→ **WHAT THIS TASK INVOLVES**: Repeat each record exactly, skipping the pictures.

**** RECORDS FOR THE EXERCISE ****

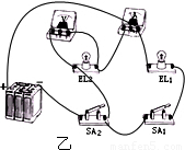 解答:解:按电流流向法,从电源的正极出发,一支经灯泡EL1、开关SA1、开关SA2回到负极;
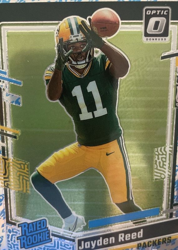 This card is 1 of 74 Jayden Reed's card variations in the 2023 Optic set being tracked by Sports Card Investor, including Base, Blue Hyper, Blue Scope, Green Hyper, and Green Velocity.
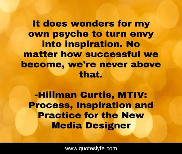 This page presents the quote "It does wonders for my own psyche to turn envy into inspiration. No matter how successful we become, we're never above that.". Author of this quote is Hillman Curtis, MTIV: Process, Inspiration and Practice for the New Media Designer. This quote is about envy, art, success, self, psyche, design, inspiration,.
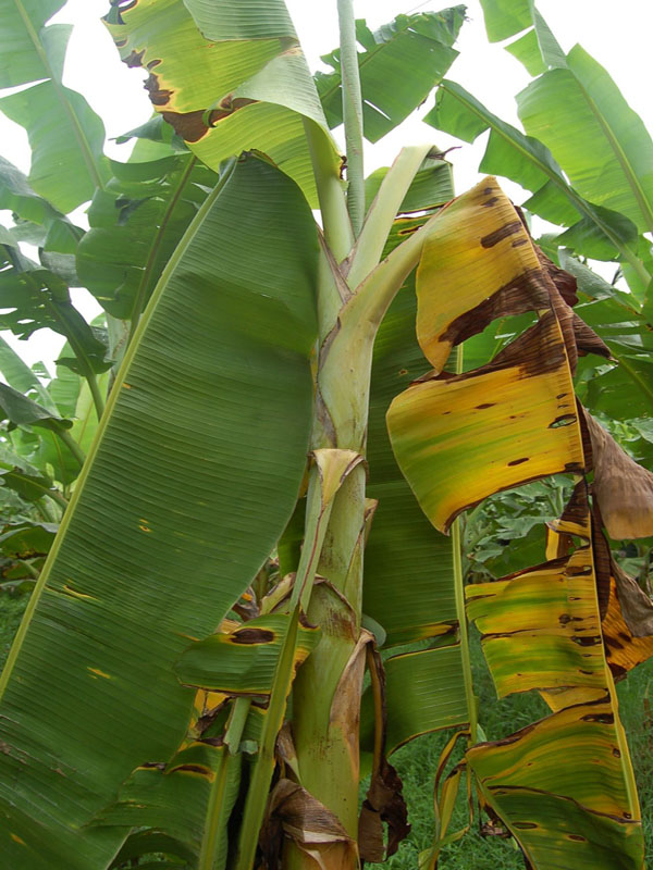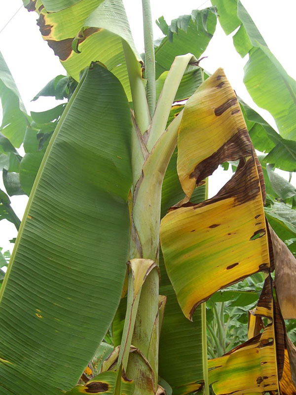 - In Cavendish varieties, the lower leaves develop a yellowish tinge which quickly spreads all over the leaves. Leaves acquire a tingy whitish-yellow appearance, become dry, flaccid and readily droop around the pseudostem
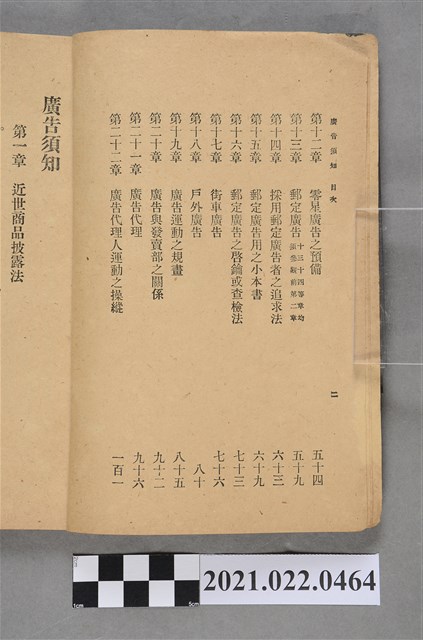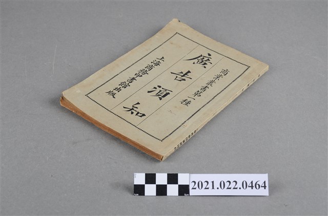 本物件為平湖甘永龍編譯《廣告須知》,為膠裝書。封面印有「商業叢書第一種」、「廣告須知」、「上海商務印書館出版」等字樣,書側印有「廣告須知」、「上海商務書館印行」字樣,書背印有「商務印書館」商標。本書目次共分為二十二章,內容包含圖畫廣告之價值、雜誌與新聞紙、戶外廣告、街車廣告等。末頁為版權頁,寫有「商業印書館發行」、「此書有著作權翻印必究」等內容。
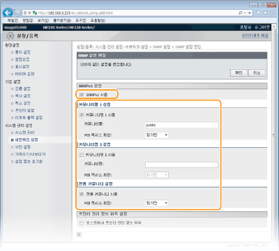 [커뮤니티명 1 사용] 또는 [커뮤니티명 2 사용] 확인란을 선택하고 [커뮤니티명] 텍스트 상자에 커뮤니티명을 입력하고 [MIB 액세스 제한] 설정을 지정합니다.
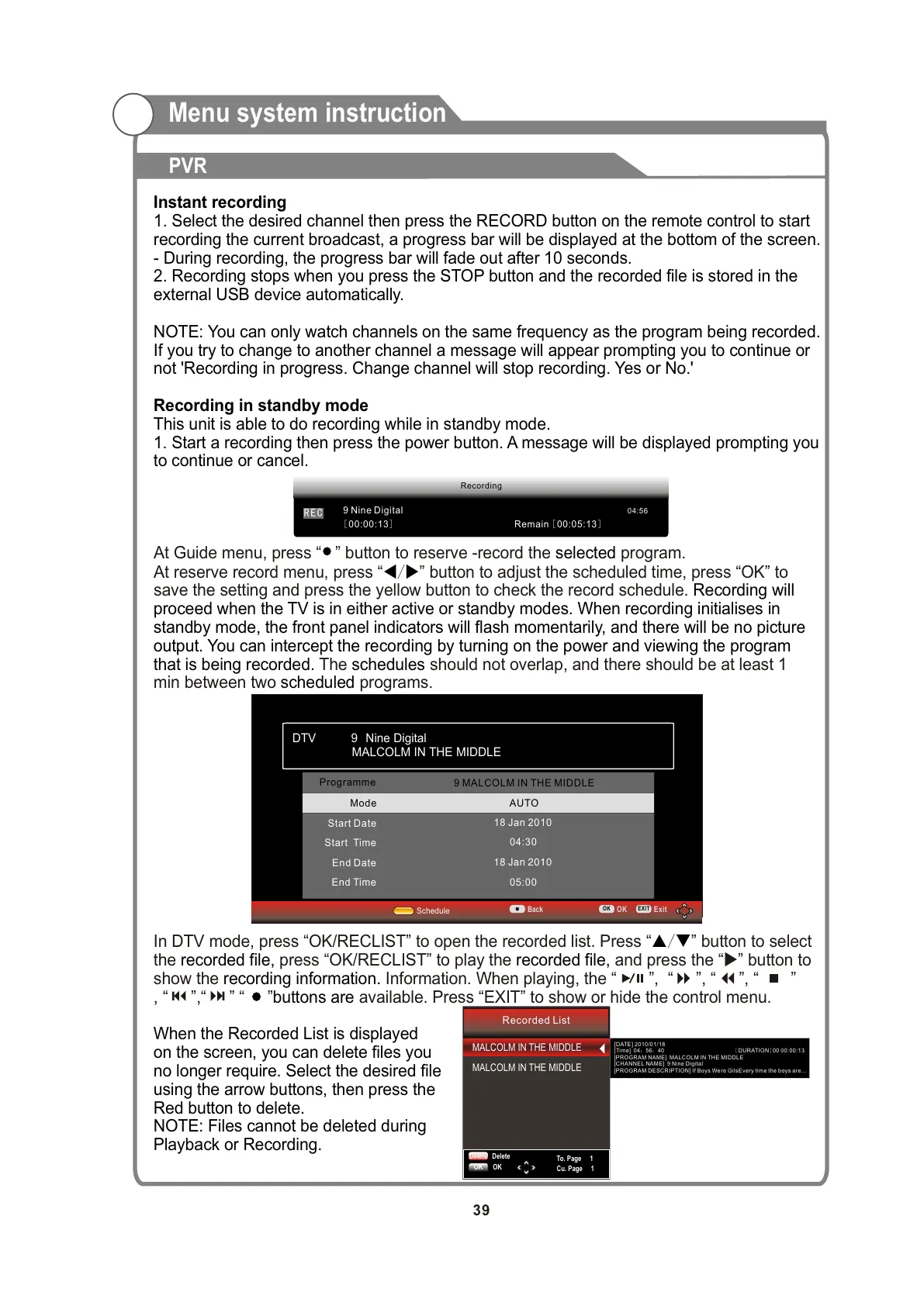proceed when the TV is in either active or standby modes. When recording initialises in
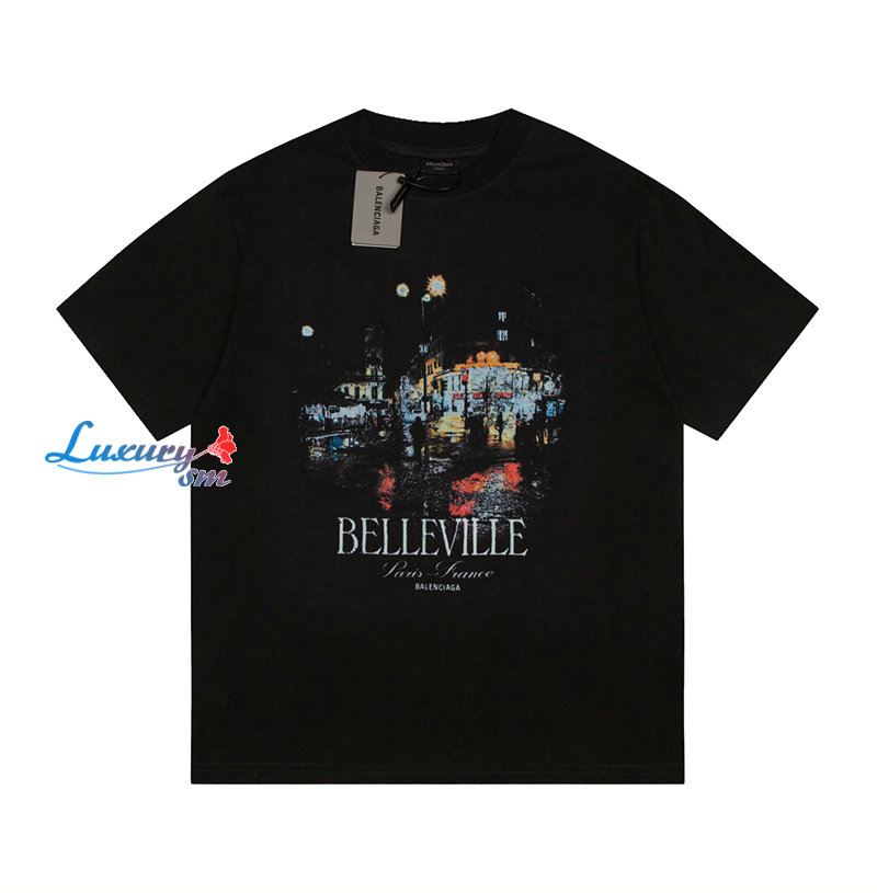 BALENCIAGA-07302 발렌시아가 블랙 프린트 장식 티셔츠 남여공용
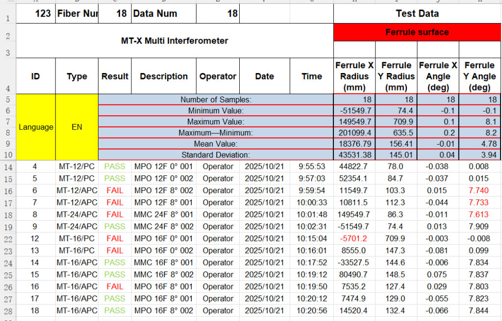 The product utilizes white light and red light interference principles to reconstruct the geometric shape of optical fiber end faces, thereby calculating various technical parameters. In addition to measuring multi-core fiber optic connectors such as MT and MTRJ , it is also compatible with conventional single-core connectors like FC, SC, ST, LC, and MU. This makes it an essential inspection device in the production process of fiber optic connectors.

****

→ **FINISHED TASK**:
 解答:解:按电流流向法,从电源的正极出发,一支经灯泡EL1、开关SA1、开关SA2回到负极;
 This card is 1 of 74 Jayden Reed's card variations in the 2023 Optic set being tracked by Sports Card Investor, including Base, Blue Hyper, Blue Scope, Green Hyper, and Green Velocity.
 This page presents the quote "It does wonders for my own psyche to turn envy into inspiration. No matter how successful we become, we're never above that.". Author of this quote is Hillman Curtis, MTIV: Process, Inspiration and Practice for the New Media Designer. This quote is about envy, art, success, self, psyche, design, inspiration,.
 - In Cavendish varieties, the lower leaves develop a yellowish tinge which quickly spreads all over the leaves. Leaves acquire a tingy whitish-yellow appearance, become dry, flaccid and readily droop around the pseudostem
 本物件為平湖甘永龍編譯《廣告須知》,為膠裝書。封面印有「商業叢書第一種」、「廣告須知」、「上海商務印書館出版」等字樣,書側印有「廣告須知」、「上海商務書館印行」字樣,書背印有「商務印書館」商標。本書目次共分為二十二章,內容包含圖畫廣告之價值、雜誌與新聞紙、戶外廣告、街車廣告等。末頁為版權頁,寫有「商業印書館發行」、「此書有著作權翻印必究」等內容。
 [커뮤니티명 1 사용] 또는 [커뮤니티명 2 사용] 확인란을 선택하고 [커뮤니티명] 텍스트 상자에 커뮤니티명을 입력하고 [MIB 액세스 제한] 설정을 지정합니다.
proceed when the TV is in either active or standby modes. When recording initialises in
 BALENCIAGA-07302 발렌시아가 블랙 프린트 장식 티셔츠 남여공용
 The product utilizes white light and red light interference principles to reconstruct the geometric shape of optical fiber end faces, thereby calculating various technical parameters. In addition to measuring multi-core fiber optic connectors such as MT and MTRJ , it is also compatible with conventional single-core connectors like FC, SC, ST, LC, and MU. This makes it an essential inspection device in the production process of fiber optic connectors.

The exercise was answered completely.